Write a script that looks for postmaster processes spawned by their userid and renice them, make it run often in cron or as a daemon.
It sounds like your problem isn't the particular query processes they're running, but rather other modifications they're making to the larger structure. There's only one way to cope with that: you have to treat the client like they're an intruder and use the approaches of that portion of the computer security field to detect when they screw things up. Seriously! Install an intrusion detection system like Tripwire on the server (there are better tools, that's just the classic example), and have it alert you when they touch anything. New file that's 0777? Should jump right out of a proper IDS report.
On the database side, you can't directly detect the database being modified usefully. You should do a pg_dump of the schema every day into a file (pg_dumpall -g and pg_dump -s, then diff that against the last one you delivered and again alert you when it's changed.
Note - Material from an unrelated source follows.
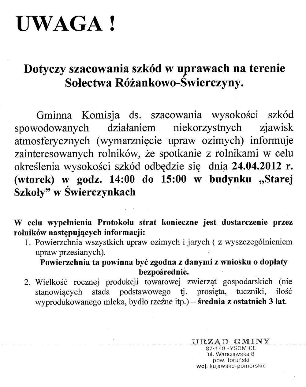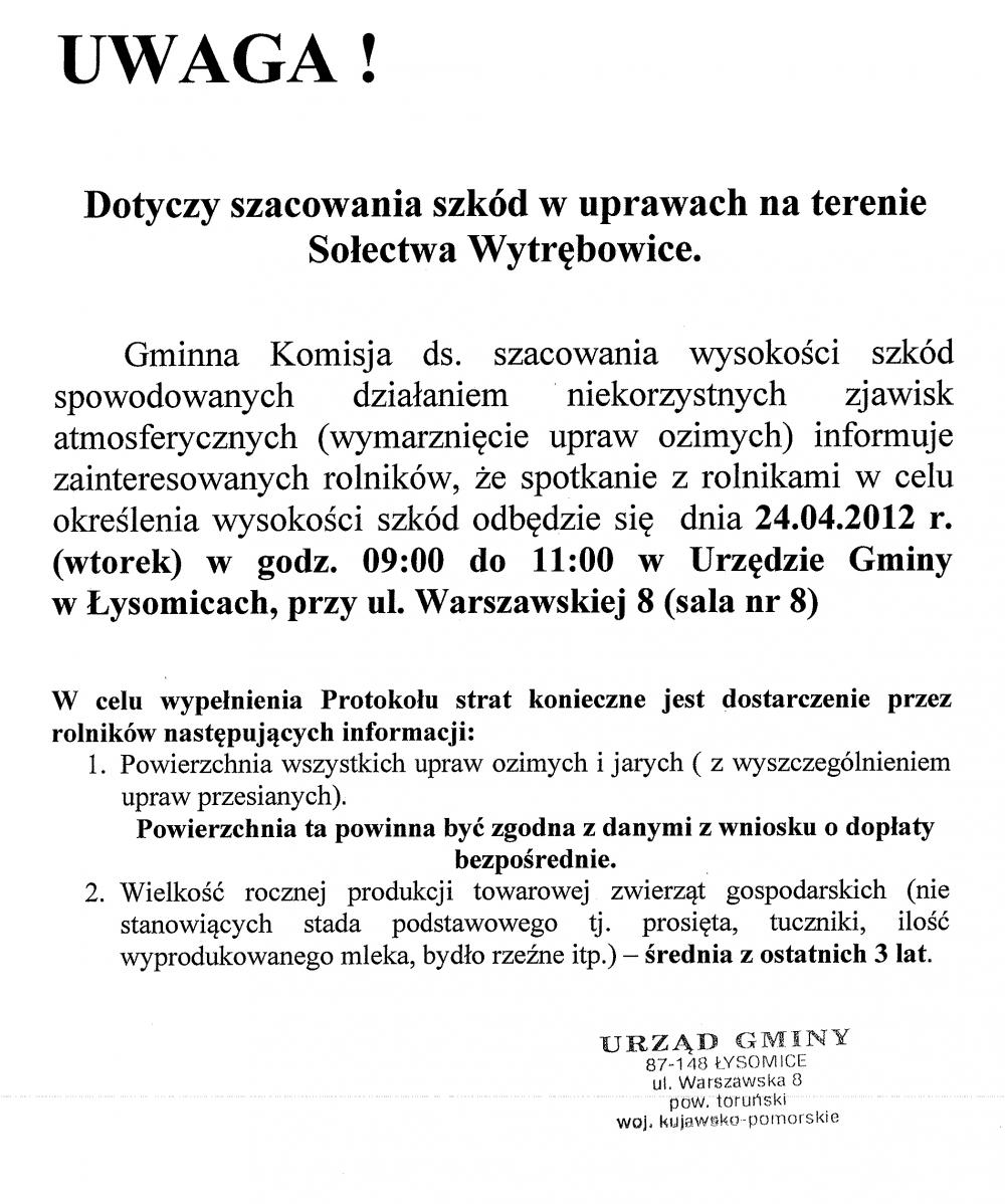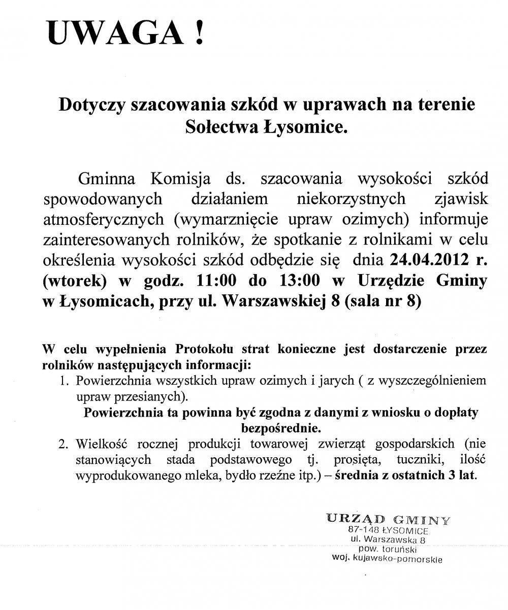 Zebranie wiejskie w Łysomicach 16 kwietnia 2012 r. odbyło się w Centrum Animacji Kultury w Łysomicach zebranie wiejskie. Tematem zebrania było: Sprawozdanie Sołtysa i Rady Sołeckiej z wykonania planu rzeczowo – finansowego za 2011 r. oraz Sprawozdanie z pracy Sołtysa i Rady Sołeckiej za 2011 r. W zebraniu uczestniczyli m.in. przedstawiciele Urzędu Gminy Łysomice (wójt, sekretarz, pracownicy urzędu), Rady Sołeckiej, Spółki Wodnej, radni gminy, policjant opiekujący się naszą gminą oraz mieszkańcy Łysomic. Wójt Piotr Kowal omówił kilka zagadnień poruszonych przez mieszkańców Łysomic a mianowicie: 1. instalacje solarne na terenie gminy, 2. wykonanie melioracji na ul. Łąkowej, Zbożowej, Owsianej i Jęczmiennej, 3. przystanek autobusowy na ul. Warszawskiej, 4. położenie asfaltu na ul. Ogrodowej, 5. organizacja dożynek w 2012 r. na terenie zespołu pałacowo- parkowego w Łysomicach. Marek Komuda

If you manage that this well, the contact with the client turns into "we noticed you changed on the server...what is it you're trying to accomplish with that?" which makes you look like you're really paying attention to them. That can turn into a sales opportunity, and they may stop fiddling with things as much just knowing you're going to catch it immediately.
The other thing you should start doing immediately is install as much version control software as you can on each client box. You should be able to login to each system, run the appropriate status/diff tool for the install, and see what's changed. Get that mailed to you regularly too. Again, this works best if combined with something that dumps the schema as a component to what it manages. Not enough people use serious version control approaches on the code that lives in the database.
That's the main set of technical approaches useful here. The rest of what you've got is a classic consulting client management problem that's far more of a people problem than a computer one. Cheer up, it could be worse--FSM help you if you give them ODBC access and they discover they can write their own queries in Access or something simple like that.